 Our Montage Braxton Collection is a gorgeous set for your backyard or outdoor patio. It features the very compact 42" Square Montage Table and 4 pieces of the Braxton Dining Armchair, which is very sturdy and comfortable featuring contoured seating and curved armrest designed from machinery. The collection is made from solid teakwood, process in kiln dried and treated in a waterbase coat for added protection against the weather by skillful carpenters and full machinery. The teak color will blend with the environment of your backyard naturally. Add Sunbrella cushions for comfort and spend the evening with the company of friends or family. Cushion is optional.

--

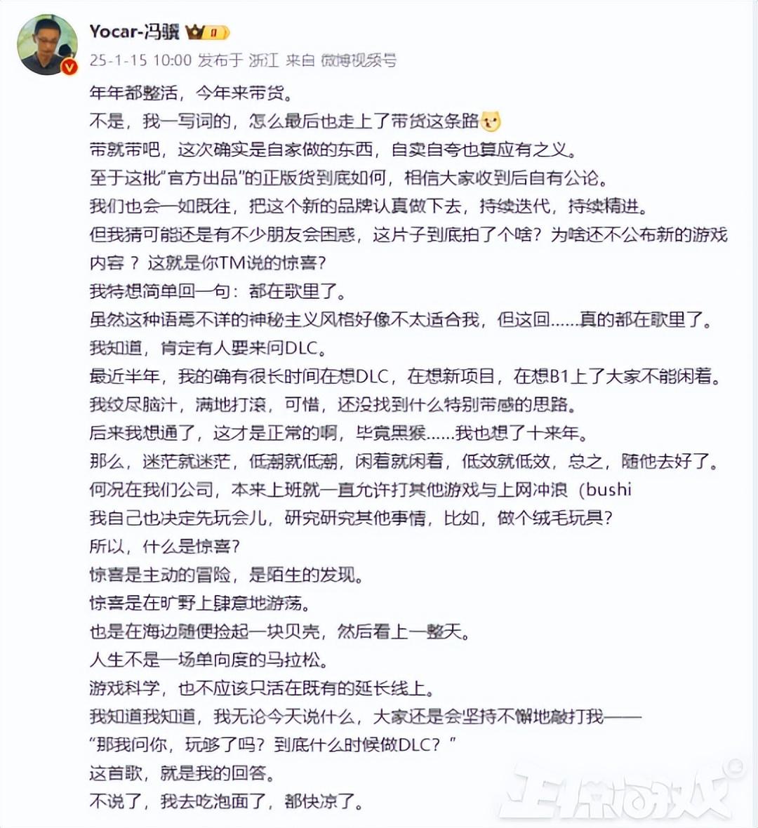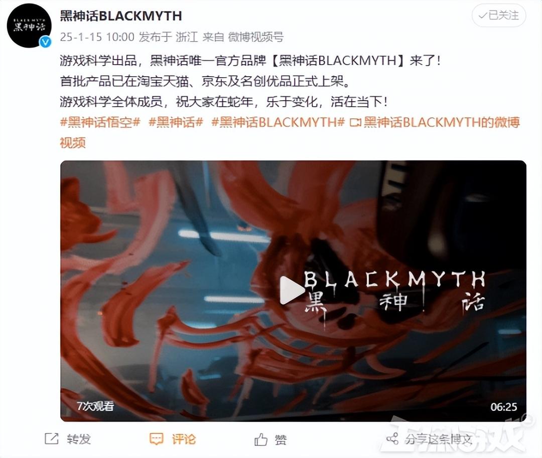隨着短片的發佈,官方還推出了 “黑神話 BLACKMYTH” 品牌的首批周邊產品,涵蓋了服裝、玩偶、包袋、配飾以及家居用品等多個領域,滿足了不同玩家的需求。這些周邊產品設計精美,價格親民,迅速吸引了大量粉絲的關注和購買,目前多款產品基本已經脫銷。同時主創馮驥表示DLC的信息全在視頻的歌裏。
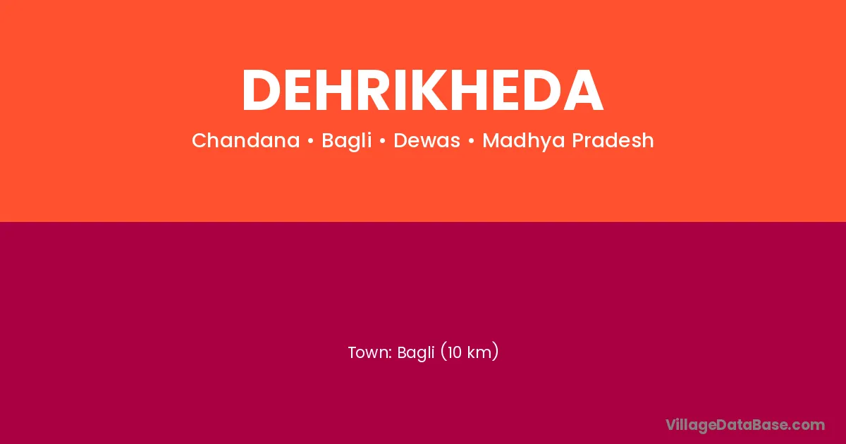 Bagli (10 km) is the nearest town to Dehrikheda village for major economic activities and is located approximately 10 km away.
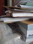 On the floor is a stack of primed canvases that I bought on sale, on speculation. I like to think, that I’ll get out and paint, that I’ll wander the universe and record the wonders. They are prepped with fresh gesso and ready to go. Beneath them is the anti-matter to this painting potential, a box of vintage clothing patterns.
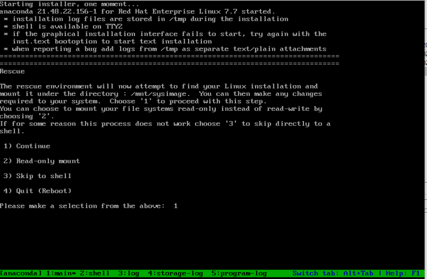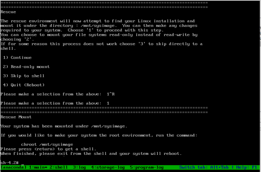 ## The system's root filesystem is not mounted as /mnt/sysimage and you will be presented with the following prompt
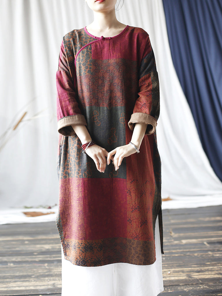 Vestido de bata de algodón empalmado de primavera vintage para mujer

* Aim of the task:
Starting with the line that contains "On the floor" and finishing with the line that contains "Vestido de bata", reproduce every line of the material above exactly, but not the pictures.

* Final answer:
 On the floor is a stack of primed canvases that I bought on sale, on speculation. I like to think, that I’ll get out and paint, that I’ll wander the universe and record the wonders. They are prepped with fresh gesso and ready to go. Beneath them is the anti-matter to this painting potential, a box of vintage clothing patterns.
 ## The system's root filesystem is not mounted as /mnt/sysimage and you will be presented with the following prompt
 Vestido de bata de algodón empalmado de primavera vintage para mujer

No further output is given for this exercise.